[[ Source data, beginning ]]

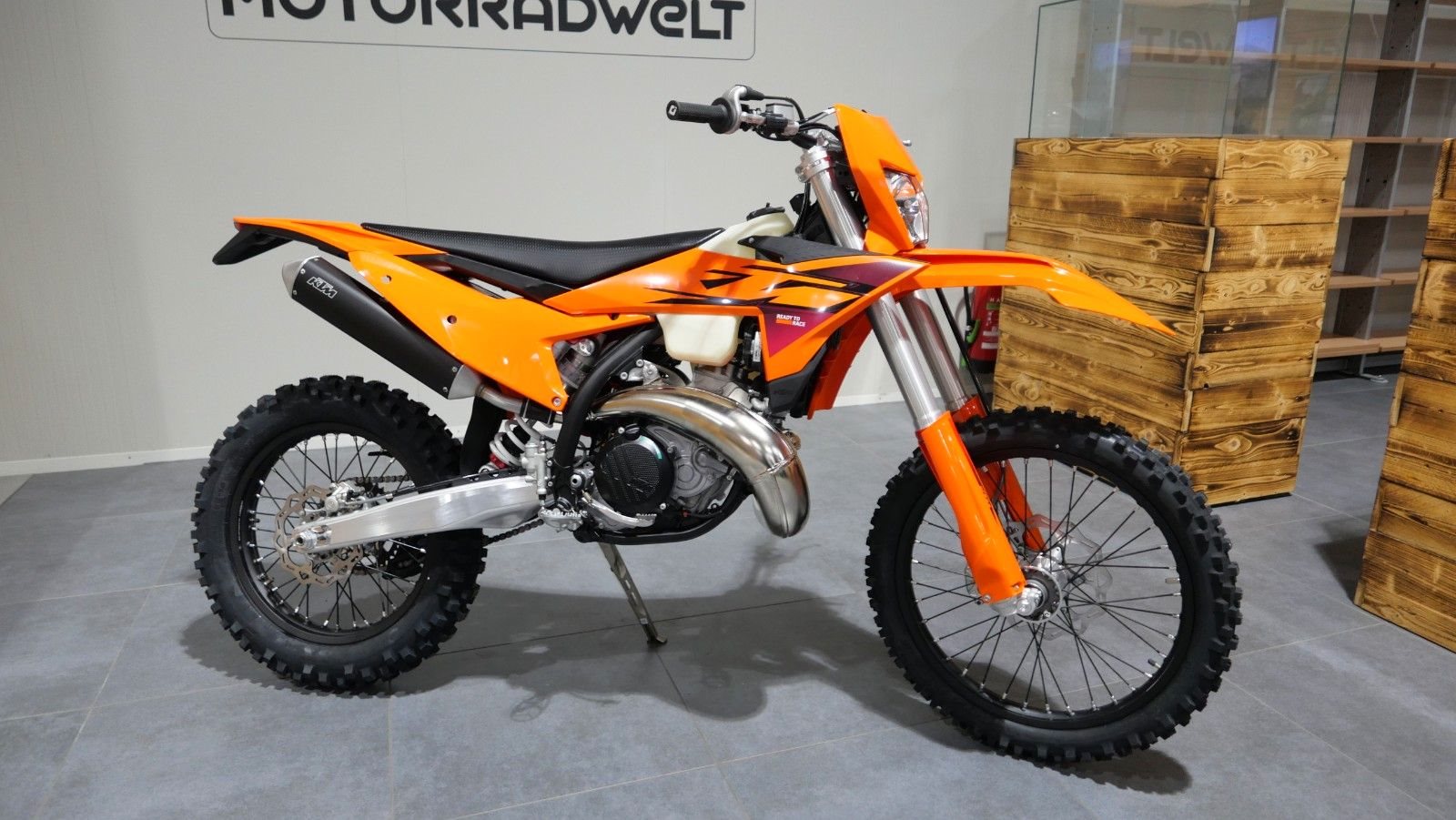 Die KTM 300 EXC wahrt ihren Legendenstatus als unumstrittene Königin im Enduro-Reich. Damit trägt sie nicht nur den renommiertesten Titel im hart umkämpften Hard Enduro-Bereich, sie bleibt in Bezug auf 2-Takt-Raffinesse, Temperament und Spaß auch weiterhin das Maß aller Dinge. Mit seinem zuverlässigen 2-Takt-Motor mit Kraftstoffeinspritzung, der ein enormes Drehmoment im unteren Drehzahlbereich und eine rasante Höchstgeschwindigkeit liefert, ist es der ideale Begleiter für anspruchsvolles Gelände. Preise inkl. 19% MwSt, Überführungs- und Nebenkosten in Höhe von € 495,00.
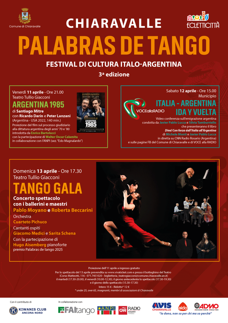 Il festival “Palabras de tango”, giunto alla sua terza edizione, si svolgerà a Chiaravalle dall’11 al 13 aprile 2025, trasformando la città in un crocevia di cultura e arte argentina. Promosso dal Comune di Chiaravalle, il festival celebra il dialogo interculturale tra Italia e Argentina con eventi che spaziano dalla musica alla danza, fino al cinema.
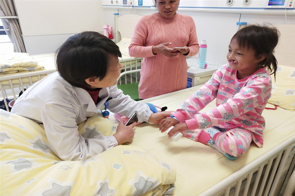 当接到两姐妹已经下高速的消息之后,我们早早地就在楼下等待。见小梅和小谷时,两个女孩子戴着口罩,黑黑瘦瘦,眼神闪躲,和她们打招呼,她们却一直往父母的身后躲。医务社工拿出小猪佩奇玩偶和她们搭话,"你看,它的裙子是红色的,和你的衣服是一样颜色哎,喜欢么?喜欢我就把它送给你",小谷害羞地点点头。两姐妹和社工姐姐很快就熟络起来,手拉手一起来到了烧伤整形科病房。

[[ Source data, end ]]

**Prompt**
The task calls for repeating each line above exactly while excluding the pictures.

**Exercise response**
 Die KTM 300 EXC wahrt ihren Legendenstatus als unumstrittene Königin im Enduro-Reich. Damit trägt sie nicht nur den renommiertesten Titel im hart umkämpften Hard Enduro-Bereich, sie bleibt in Bezug auf 2-Takt-Raffinesse, Temperament und Spaß auch weiterhin das Maß aller Dinge. Mit seinem zuverlässigen 2-Takt-Motor mit Kraftstoffeinspritzung, der ein enormes Drehmoment im unteren Drehzahlbereich und eine rasante Höchstgeschwindigkeit liefert, ist es der ideale Begleiter für anspruchsvolles Gelände. Preise inkl. 19% MwSt, Überführungs- und Nebenkosten in Höhe von € 495,00.
 Il festival “Palabras de tango”, giunto alla sua terza edizione, si svolgerà a Chiaravalle dall’11 al 13 aprile 2025, trasformando la città in un crocevia di cultura e arte argentina. Promosso dal Comune di Chiaravalle, il festival celebra il dialogo interculturale tra Italia e Argentina con eventi che spaziano dalla musica alla danza, fino al cinema.
 当接到两姐妹已经下高速的消息之后,我们早早地就在楼下等待。见小梅和小谷时,两个女孩子戴着口罩,黑黑瘦瘦,眼神闪躲,和她们打招呼,她们却一直往父母的身后躲。医务社工拿出小猪佩奇玩偶和她们搭话,"你看,它的裙子是红色的,和你的衣服是一样颜色哎,喜欢么?喜欢我就把它送给你",小谷害羞地点点头。两姐妹和社工姐姐很快就熟络起来,手拉手一起来到了烧伤整形科病房。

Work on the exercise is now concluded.